Elizabeth Katz (Washington University in St. Louis) has posted "'Racial and Religious Democracy': Identity and Equality in Midcentury Courts." The article appears in Volume 72 of the Stanford Law Review. Here's the abstract:
In our current political moment, discrimination against minority racial and religious groups routinely makes headlines. Though some press coverage of these occurrences acknowledges parallels and links between racial and religious prejudices, these intersections remain undertheorized in legal and historical scholarship. Because scholars typically study race and religion separately, they have overlooked the legal significance of how race and religion coexist in both perpetrators and victims of discrimination. By contrast, this Article demonstrates that the intersection of racial and religious identities has meaningfully influenced legal and political efforts to achieve equality.
Drawing from extensive archival research, this Article unearths forgotten yet formative connections between racial and religious antidiscrimination efforts, at the local through federal levels, from the 1930s through the 1950s. To examine these links, this account centers on the Domestic Relations Court of the City of New York, an unusually influential and high-profile trial court. In the 1930s, the Domestic Relations Court welcomed the most diverse bench ever assembled in the United States by the time (including women and men; blacks and whites; and Protestants, Catholics, and Jews), a development celebrated as bolstering American democracy and countering Nazi bigotry abroad. Several judges held leadership positions in the National Association for the Advancement of Colored People and the American Jewish Congress, pathbreaking civil rights organizations with legal arms headquartered in New York City.
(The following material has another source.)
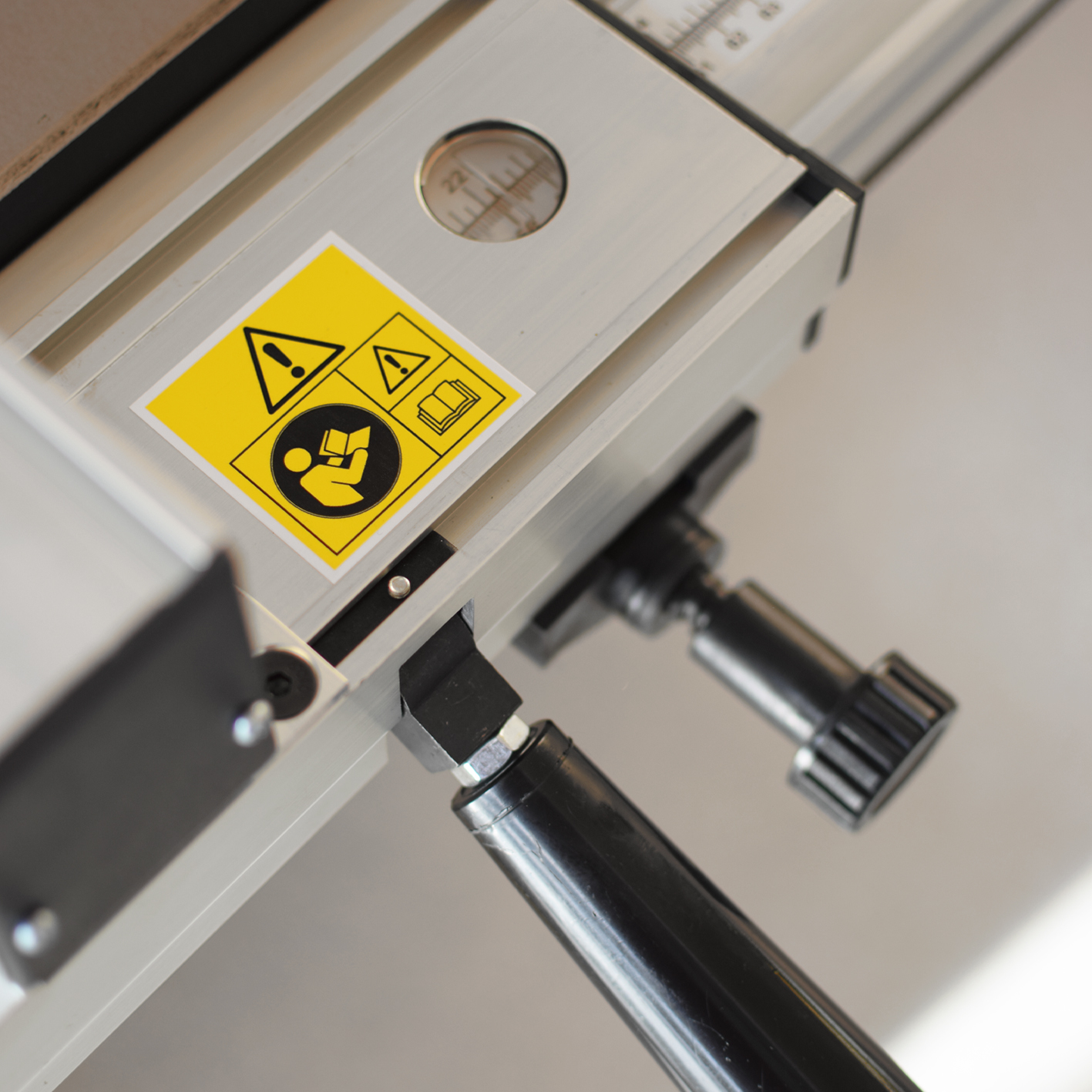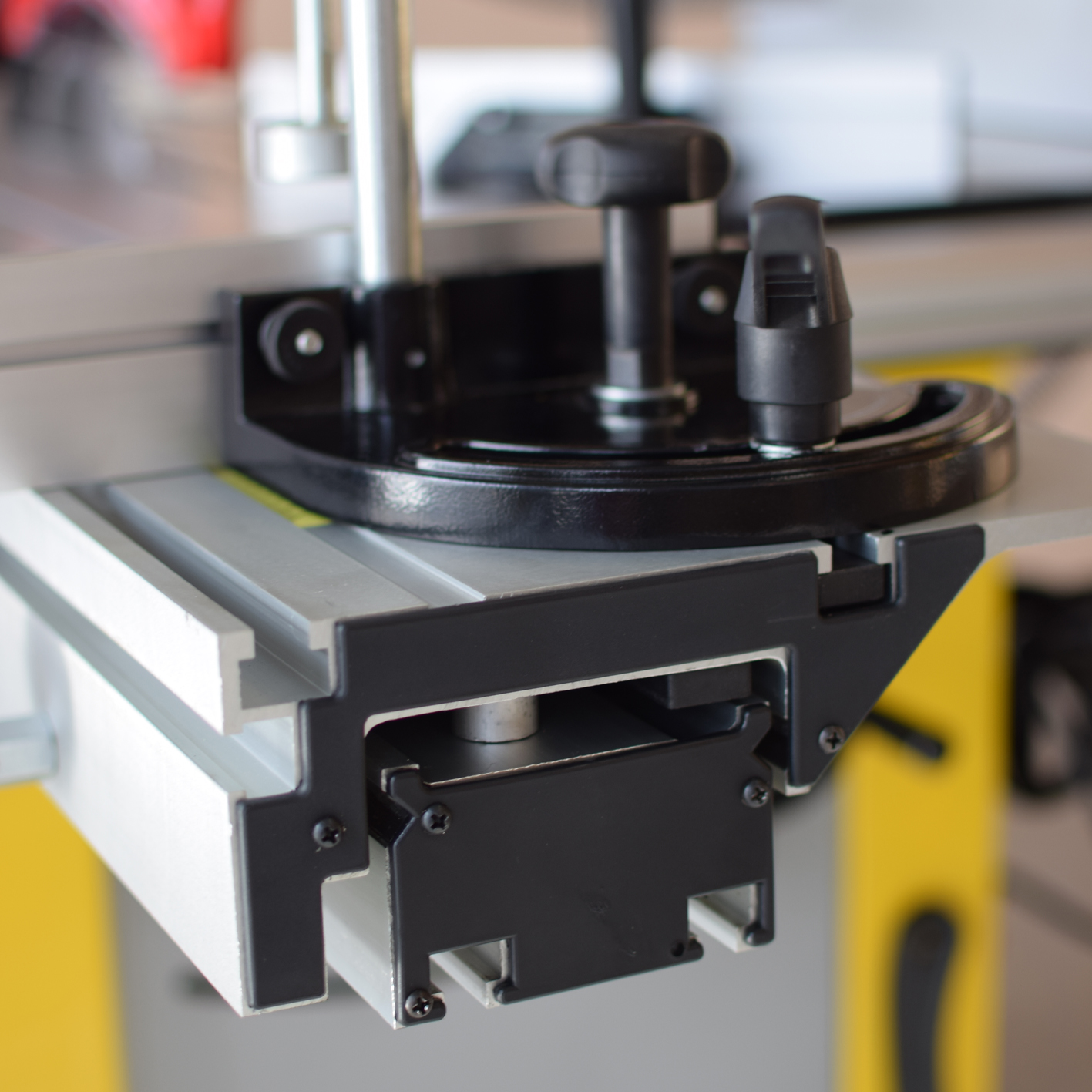 - Příčný a úhlový doraz s přítlačným prvkem pro formátovací posuvný stůl

The city's family court served as a testing ground for identity-related legal arguments that later rose to the national level because of its judges’ views and the fact that it merged two antidiscrimination focal points: public institutions’ treatment of children and the application of fair employment practices. Longstanding policies required the court to match probation officers to juvenile delinquents by race and religion, an approach one prominent commenter argued should be eliminated in order to promote "racial and religious democracy." By the 1940s, a coalition of black and Jewish judges regarded both types of identity matching as unlawful segregation. These judges successfully fought against their white Christian colleagues to end race matching, but their challenge to religion matching proved more difficult, both legally and politically. While the opponents of religion matching perceived the practice to be discriminatory and a violation of the separation of church and state, its supporters saw it as a lawful and beneficial protection for religious identity.
Foreshadowing, connecting, and continuing through canonical Supreme Court Establishment Clause and civil rights cases—such as McCollum v. Board of Education and Brown v. Board Education—the family court judges and their allies both anticipated and influenced doctrine and norms that remain with us today. This history complicates and raises important questions about ongoing issues ranging from the significance of judges’ racial and religious backgrounds to the scope of religious groups’ involvement in child welfare services and penal contexts. This Article also calls for additional studies that free racial civil rights and First Amendment religion scholarship from their current silos in order to better understand the concurrent development of these crucial and contested areas of law.